• _Exercise data_
+-------+

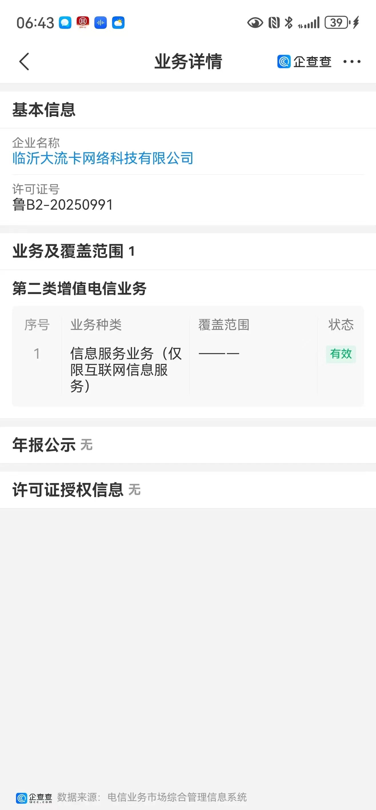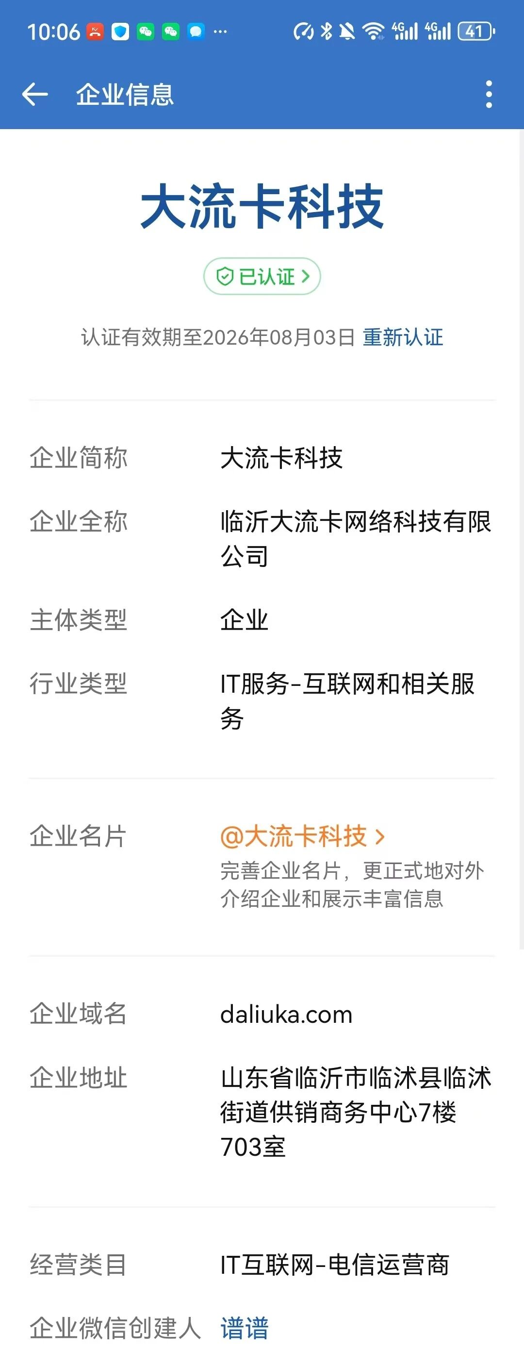 我们公司是临沂大流卡网络科技有限公司,目前通过企业微信经营私域,主要业务是流量卡,全程都是合法合规,企业域名正规备案,有运营商授权,以及电信经营许可证,目前企业微信已经经营一年,外部联系人已经上万。
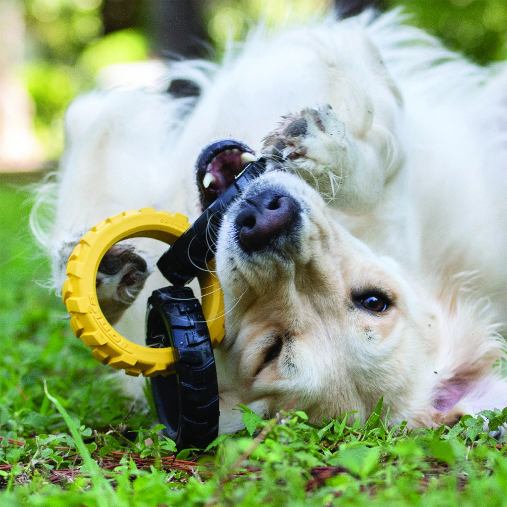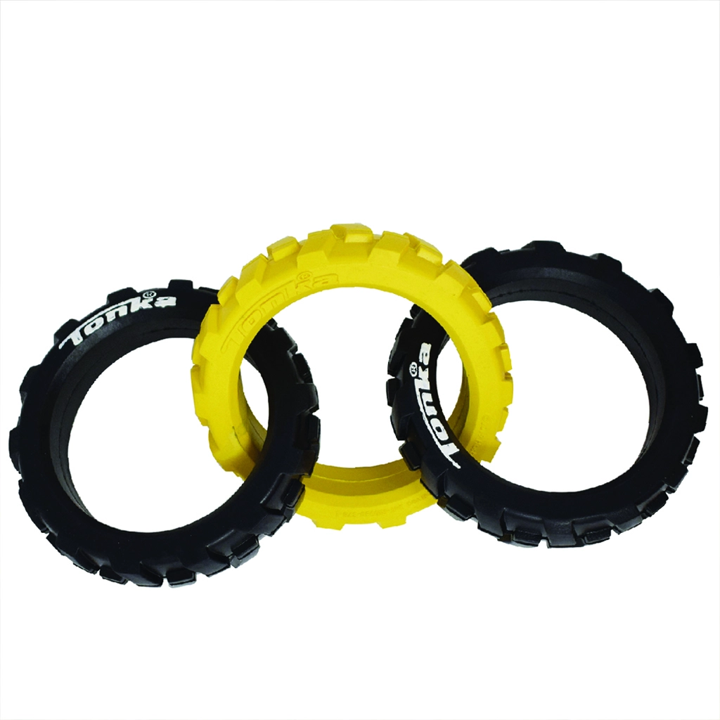 Das Tonka-Spielzeug besteht aus drei robusten Ringen mit einer flexiblen, reifenähnlichen Profilstruktur, die sowohl in Maul als auch Hand gut liegt. Dank der Kombination aus widerstandsfähigem Gummi und durchdachter Form hält es intensivem Ziehen stand und ist zugleich sicher für den täglichen Spielspaß.
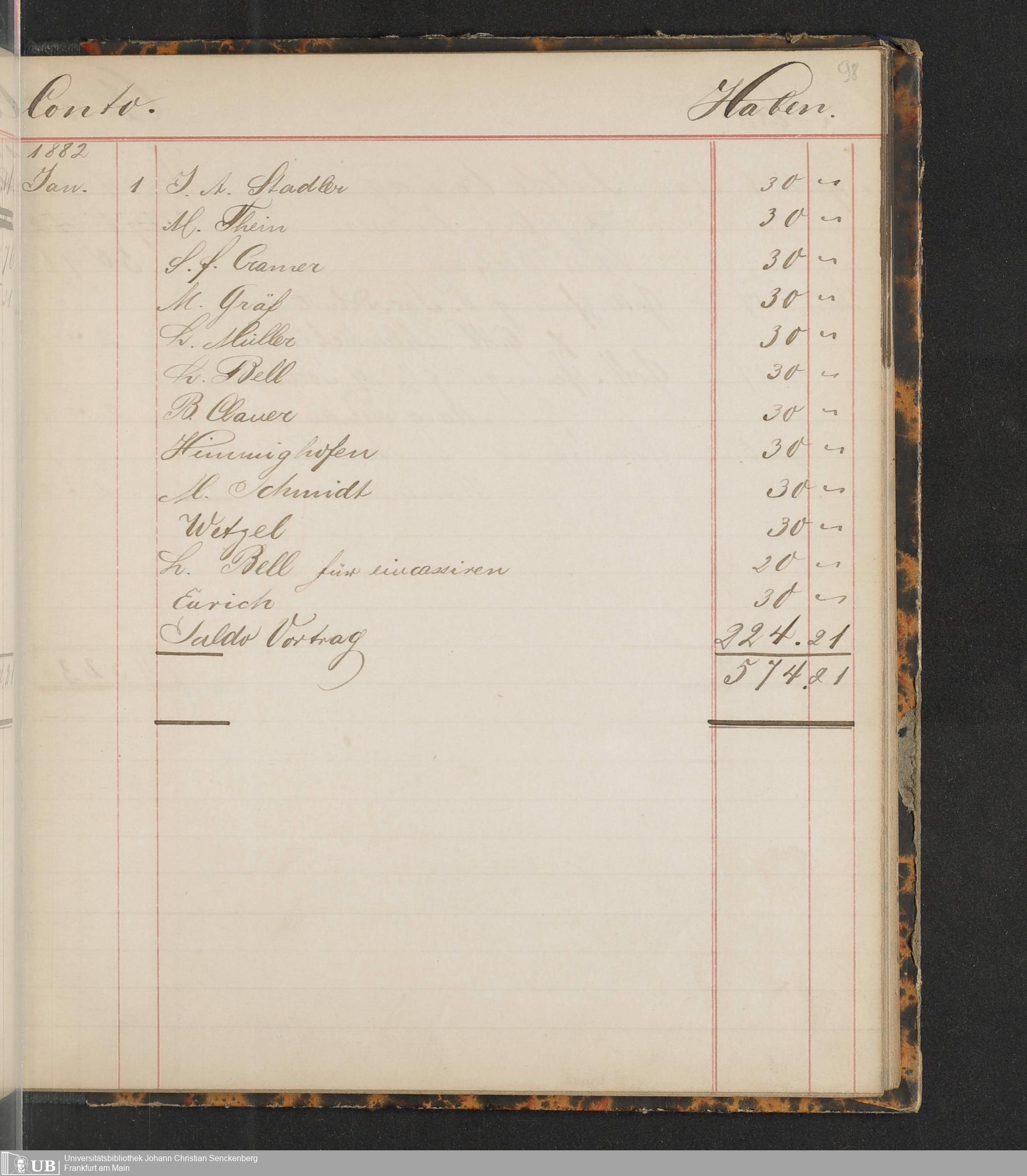 B 5 Dr. Senckenbergische Stiftung, 149 - Kassenbücher der Unterstützungskasse der Bierbrauer-Genossenschaft

+-------+

• _What is being asked_
Write the data above out exactly. Leave out any pictures.

• _Solution to this task_
 我们公司是临沂大流卡网络科技有限公司,目前通过企业微信经营私域,主要业务是流量卡,全程都是合法合规,企业域名正规备案,有运营商授权,以及电信经营许可证,目前企业微信已经经营一年,外部联系人已经上万。
 Das Tonka-Spielzeug besteht aus drei robusten Ringen mit einer flexiblen, reifenähnlichen Profilstruktur, die sowohl in Maul als auch Hand gut liegt. Dank der Kombination aus widerstandsfähigem Gummi und durchdachter Form hält es intensivem Ziehen stand und ist zugleich sicher für den täglichen Spielspaß.
 B 5 Dr. Senckenbergische Stiftung, 149 - Kassenbücher der Unterstützungskasse der Bierbrauer-Genossenschaft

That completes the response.